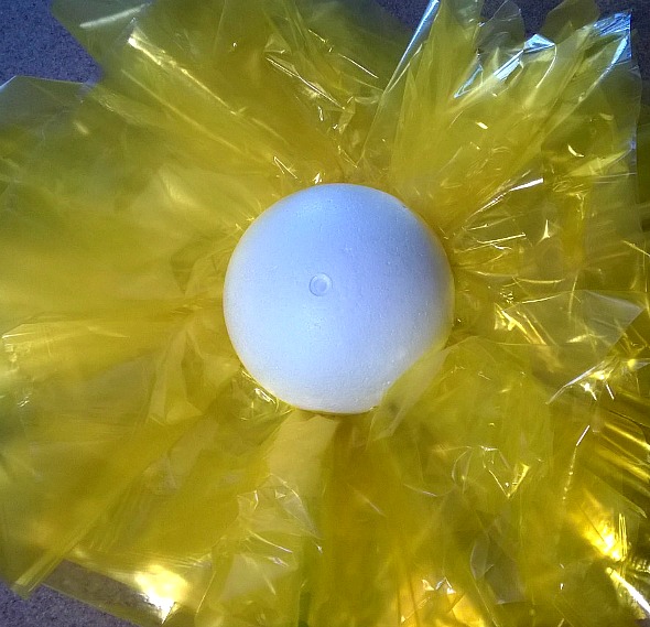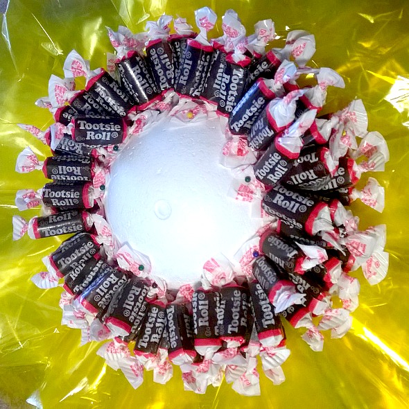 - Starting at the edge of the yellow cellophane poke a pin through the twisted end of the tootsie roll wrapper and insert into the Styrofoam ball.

........

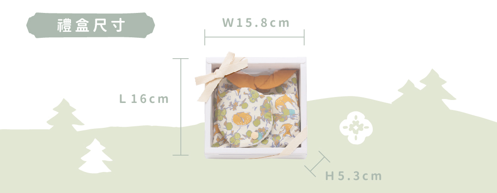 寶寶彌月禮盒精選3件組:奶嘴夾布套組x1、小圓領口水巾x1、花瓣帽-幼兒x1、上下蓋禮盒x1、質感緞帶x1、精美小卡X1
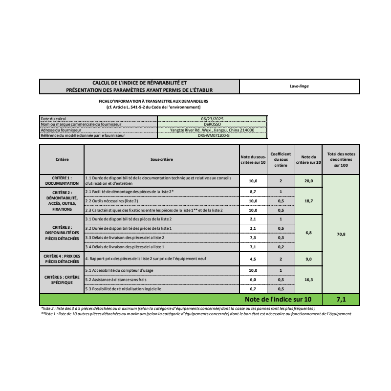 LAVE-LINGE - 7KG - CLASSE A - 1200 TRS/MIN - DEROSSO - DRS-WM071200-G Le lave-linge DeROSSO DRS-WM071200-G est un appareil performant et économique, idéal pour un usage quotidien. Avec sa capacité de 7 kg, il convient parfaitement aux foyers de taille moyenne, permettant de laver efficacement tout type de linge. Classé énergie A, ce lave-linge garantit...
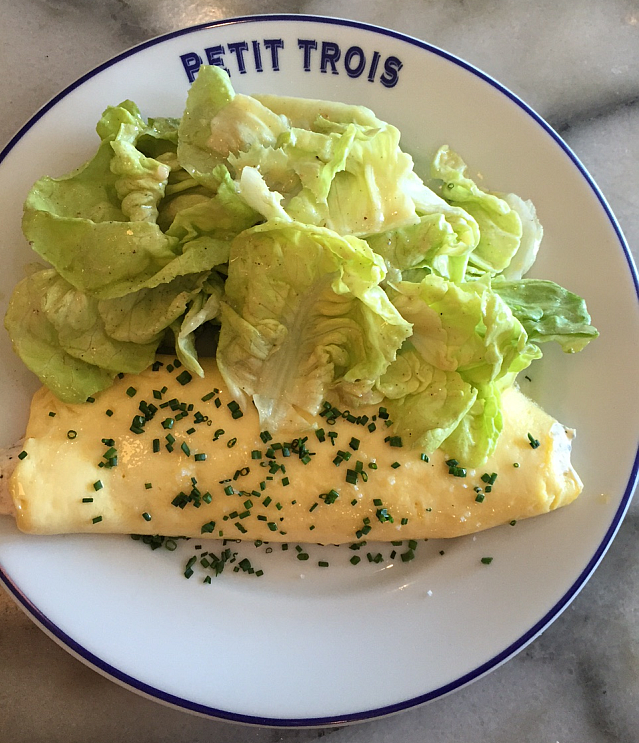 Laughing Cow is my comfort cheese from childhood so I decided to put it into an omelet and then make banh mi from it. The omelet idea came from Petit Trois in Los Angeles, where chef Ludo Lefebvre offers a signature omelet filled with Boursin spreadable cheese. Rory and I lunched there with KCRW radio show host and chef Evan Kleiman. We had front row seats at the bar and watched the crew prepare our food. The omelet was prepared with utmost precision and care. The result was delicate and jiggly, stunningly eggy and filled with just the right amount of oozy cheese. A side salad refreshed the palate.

........

### DESCRIPTION OF THE TASK
Of the lines above, quote exactly those from the one with "寶寶彌月禮盒精選3件組:奶嘴" through the one with "Laughing Cow is", ends included; pictures stay out.

### WRITTEN RESPONSE
 寶寶彌月禮盒精選3件組:奶嘴夾布套組x1、小圓領口水巾x1、花瓣帽-幼兒x1、上下蓋禮盒x1、質感緞帶x1、精美小卡X1
 LAVE-LINGE - 7KG - CLASSE A - 1200 TRS/MIN - DEROSSO - DRS-WM071200-G Le lave-linge DeROSSO DRS-WM071200-G est un appareil performant et économique, idéal pour un usage quotidien. Avec sa capacité de 7 kg, il convient parfaitement aux foyers de taille moyenne, permettant de laver efficacement tout type de linge. Classé énergie A, ce lave-linge garantit...
 Laughing Cow is my comfort cheese from childhood so I decided to put it into an omelet and then make banh mi from it. The omelet idea came from Petit Trois in Los Angeles, where chef Ludo Lefebvre offers a signature omelet filled with Boursin spreadable cheese. Rory and I lunched there with KCRW radio show host and chef Evan Kleiman. We had front row seats at the bar and watched the crew prepare our food. The omelet was prepared with utmost precision and care. The result was delicate and jiggly, stunningly eggy and filled with just the right amount of oozy cheese. A side salad refreshed the palate.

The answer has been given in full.